Our team took on this challenge because we were inspired by the idea of building a tool that could potentially save many lives just by automatically analyzing data from a variety of sources and putting this analysis into the hands of key decision-makers, as well as the general public.
Our approach in solving the problem involved investigating several machine learning models to automate the detection of hazards, building a dashboard to visualize the detections and incorporating ancillary data in an attempt to show the scope and impact of the detected hazards.
To develop the machine learning model, we utilized popular python libraries like scikit-learn and TensorFlow, which allowed us to explore the data, construct new features and evaluate several machine learning models. Throughout the hackathon we tried the following models: Linear Regression, Support Vector Regression, Random Forest Regression, Gradient Boosting Regression, XGBoost Regression, K-Nearest Neighbour, Bidirectional LSTM network, Bidirectional GRU Network, Multilayer Perceptron Network and 1-D Convolutional Network. We utilized Google Colab to train and evaluate these models. We used the R2 value as the primary evaluation metric. After many attempts at optimizing the models, our highest performing model was the Random Forest Regression model, which achieved an R2 value of 0.56.

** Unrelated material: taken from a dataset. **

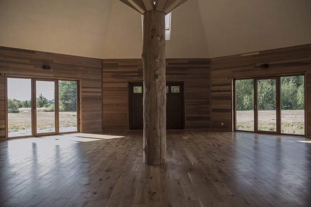 Wnętrza, wykonane z drewna i gliny, zostały zaprojektowane tak, by sprzyjały wyciszeniu, medytacji i oderwaniu od codzienności.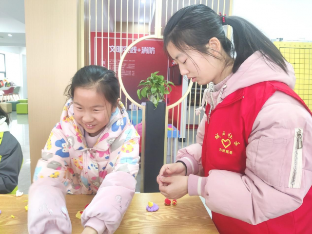寒托班课程多样,除了阅读课,还有手工课、美术课、自习等等。没有任课时,网格员们便是“助教”。龚琼玉表示,如果说给小朋友们上课让她获得了当老师的初体验,那么当助教便是让她在见证孩子们创造力的同时,收获了孩子们纯真的笑脸。

We utilized Tableau to create a dashboard for visualizing the detections. Since our model is not very accurate, we attempted to demonstrate the impact of the solution by visualizing an aggregation of the detections. We also included ancillary data such as the population density of U. S. states (2019) and an estimate of the forest cover in each state. These ancillary data are intended as supplementary information for accessing the impacts of the detection.
The main problems we faced while working on this challenge are related to the data itself. Firstly, none of our team members had domain expertise in geological and meteorological data, so we did not have clear idea of the importance of the features of the dataset or how to combine them into more meaningful features. Secondly, the data had an inconsistent temporal resolution (data points are not consistently sampled every hour from each station), which made it especially difficult for our machine learning models. Finally, we also struggled while deciding which ancillary data to include in the visualization tool to create a more impactful solution.
Despite the challenges, our team put together a tool that we think will become useful as more development time goes into it.
In analyzing the problem, we have used the space agency’s air quality data. This data was used, in addition to other open data (see below) to train and evaluate several machine learning algorithms. Parts of the data were also used in the visualization tool.